**Material provided:**
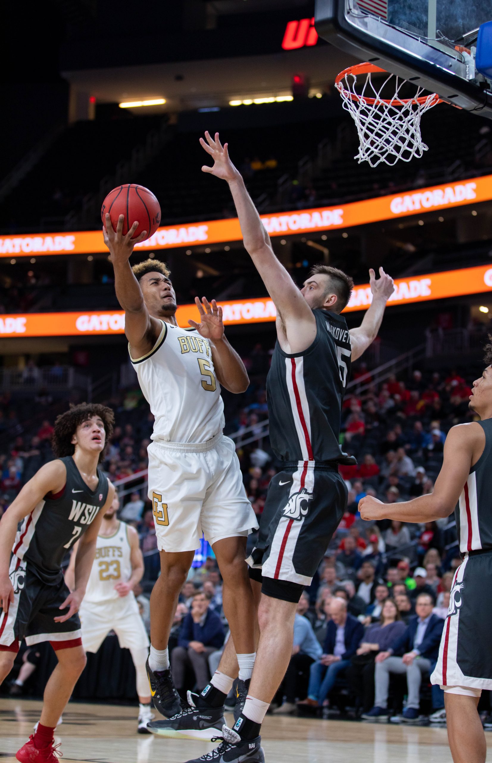 Junior guard McKinley Wright IV looked to provide a spark for the Buffaloes ripping the ball from a Washington State Cougar and sprinting down the floor eventually creating a scoring opportunity for junior guard D’Shawn Schwartz.
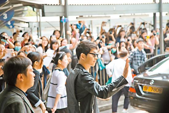 韩剧《太阳的后裔》在港掀起热潮,加上昨天是公众假期,吸引400名粉丝来接机。宋慧乔和宋仲基乘坐中午12点45分的飞机抵港,航班比原定时间迟了近半小时才抵达,“双宋”直到下午1点多才经特别通道走出机场。宋慧乔打头阵现身,戴墨镜的她穿格子短裙秀腿,但全程低头,完全没有望向传媒,仅经过粉丝旁时伸一伸手打招呼后,便极速上车。
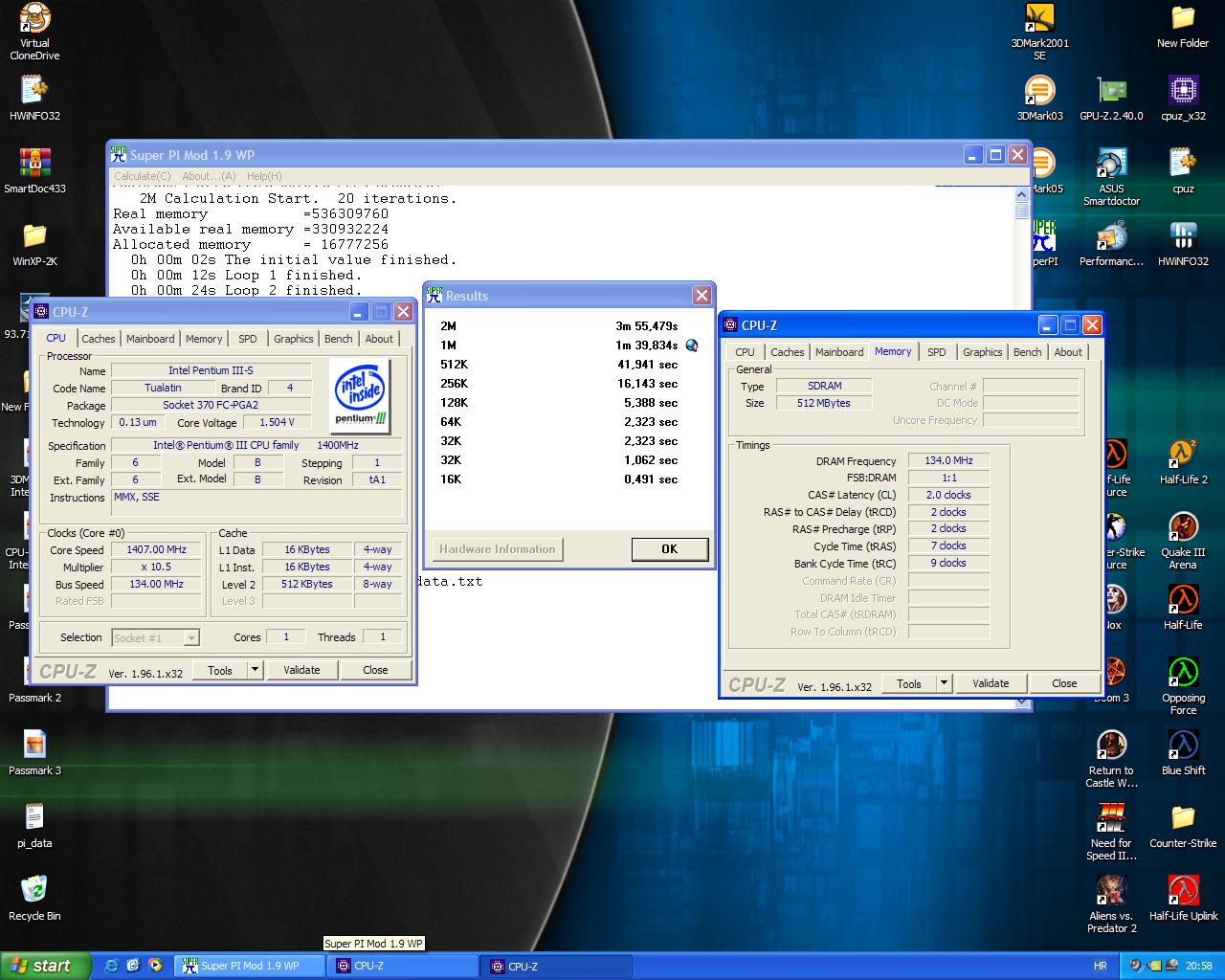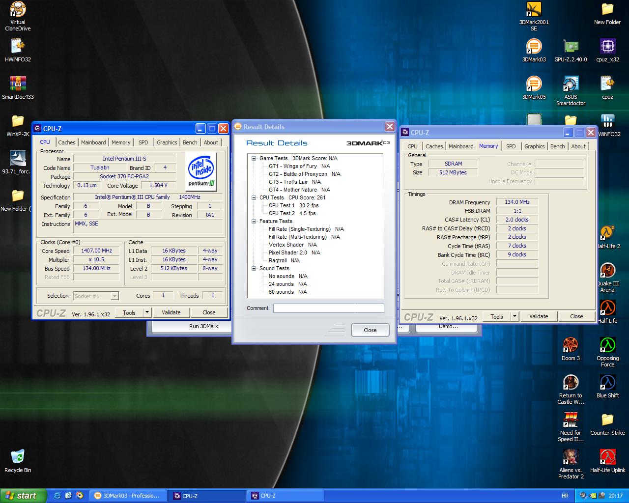 ![]() 3DMark 2003 CPU test: ![]() Passmark CPU: ![]() SuperPi: ![]() CPU-Z Bench: ![]() cca 2x bolji rezovi od Tualatina, negdje i više. Osim u Passmarku. Nisam se nadao da će biti toliko. |

**Exercise instructions:**
Transcribe the whole listing, character for character, but not its images.

**Solution:**
 Junior guard McKinley Wright IV looked to provide a spark for the Buffaloes ripping the ball from a Washington State Cougar and sprinting down the floor eventually creating a scoring opportunity for junior guard D’Shawn Schwartz.
 韩剧《太阳的后裔》在港掀起热潮,加上昨天是公众假期,吸引400名粉丝来接机。宋慧乔和宋仲基乘坐中午12点45分的飞机抵港,航班比原定时间迟了近半小时才抵达,“双宋”直到下午1点多才经特别通道走出机场。宋慧乔打头阵现身,戴墨镜的她穿格子短裙秀腿,但全程低头,完全没有望向传媒,仅经过粉丝旁时伸一伸手打招呼后,便极速上车。
 ![]() 3DMark 2003 CPU test: ![]() Passmark CPU: ![]() SuperPi: ![]() CPU-Z Bench: ![]() cca 2x bolji rezovi od Tualatina, negdje i više. Osim u Passmarku. Nisam se nadao da će biti toliko. |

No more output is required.